Problem description =
Please retype the data below line for line and leave out every picture.

Collected material =
= = = =
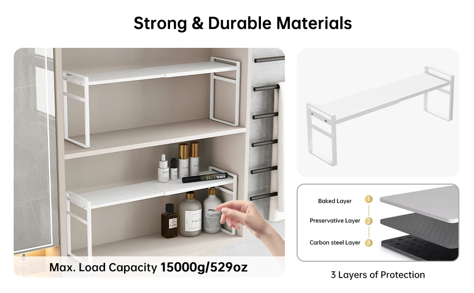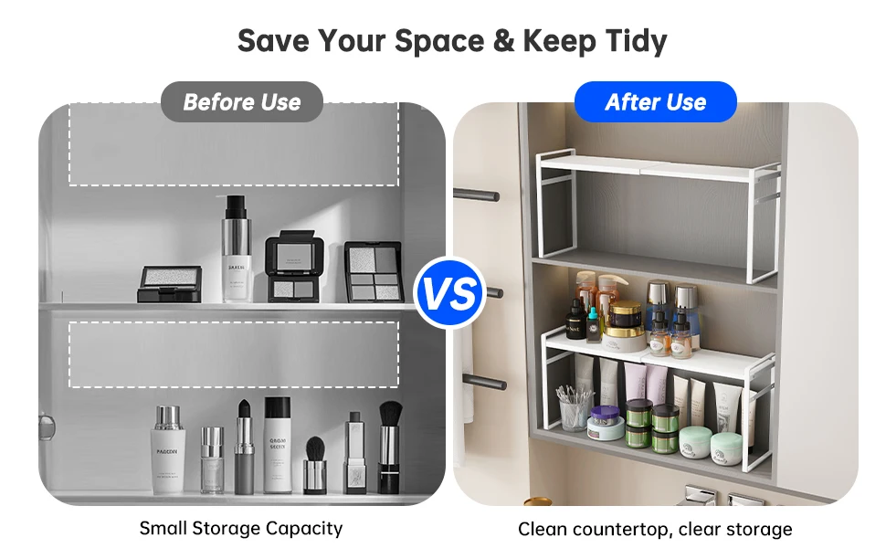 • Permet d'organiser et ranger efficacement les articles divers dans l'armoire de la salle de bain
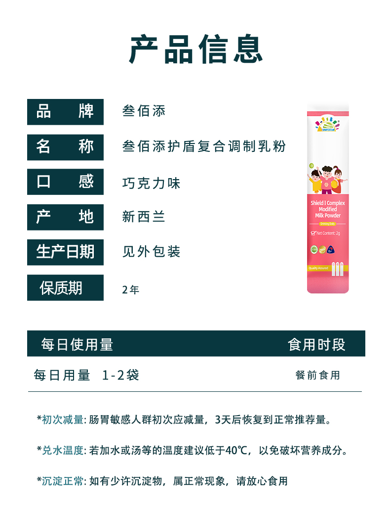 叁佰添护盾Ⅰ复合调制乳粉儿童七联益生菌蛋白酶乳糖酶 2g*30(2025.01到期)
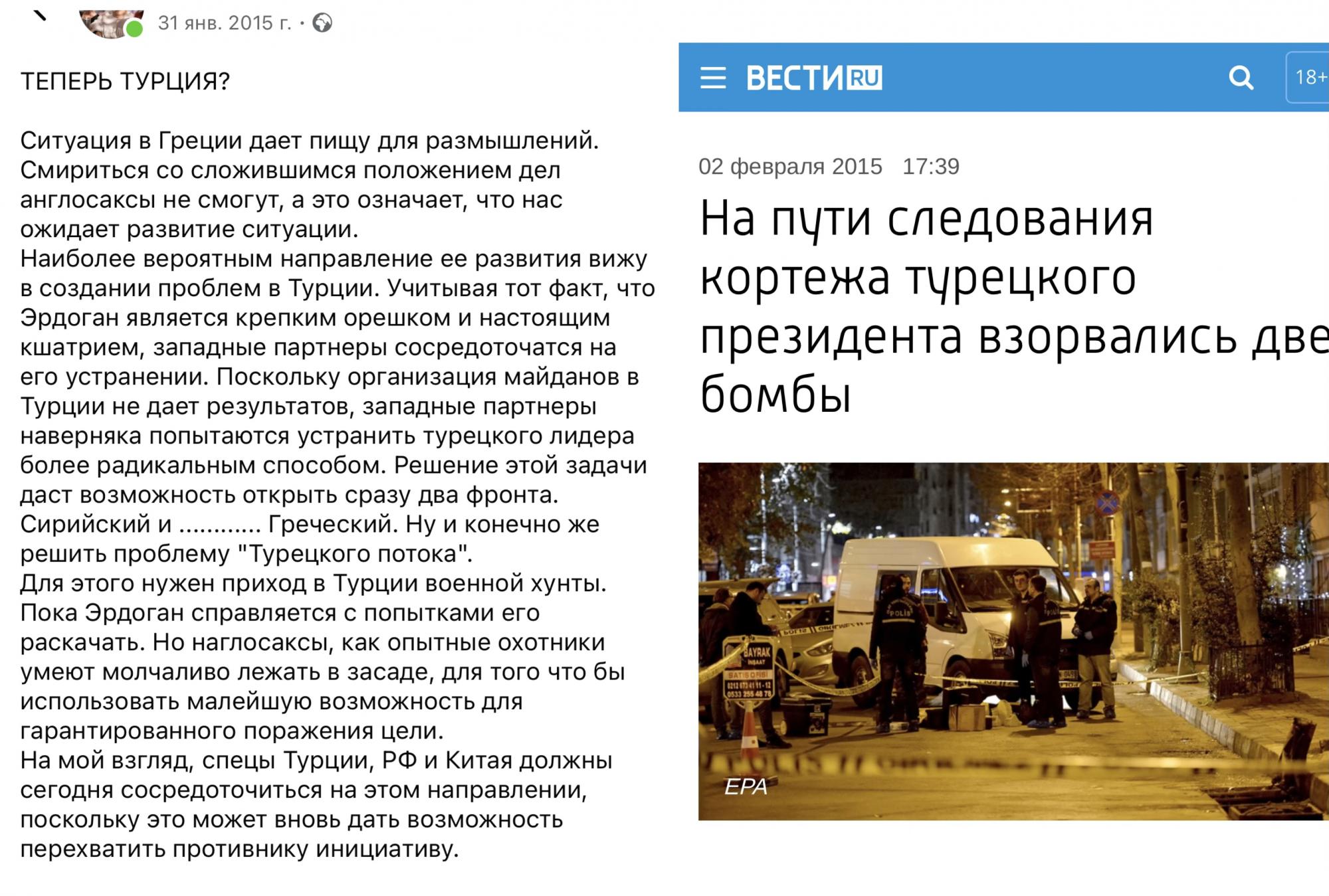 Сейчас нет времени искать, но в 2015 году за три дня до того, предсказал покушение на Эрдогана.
= = = =
Response area =
 • Permet d'organiser et ranger efficacement les articles divers dans l'armoire de la salle de bain
 叁佰添护盾Ⅰ复合调制乳粉儿童七联益生菌蛋白酶乳糖酶 2g*30(2025.01到期)
 Сейчас нет времени искать, но в 2015 году за три дня до того, предсказал покушение на Эрдогана.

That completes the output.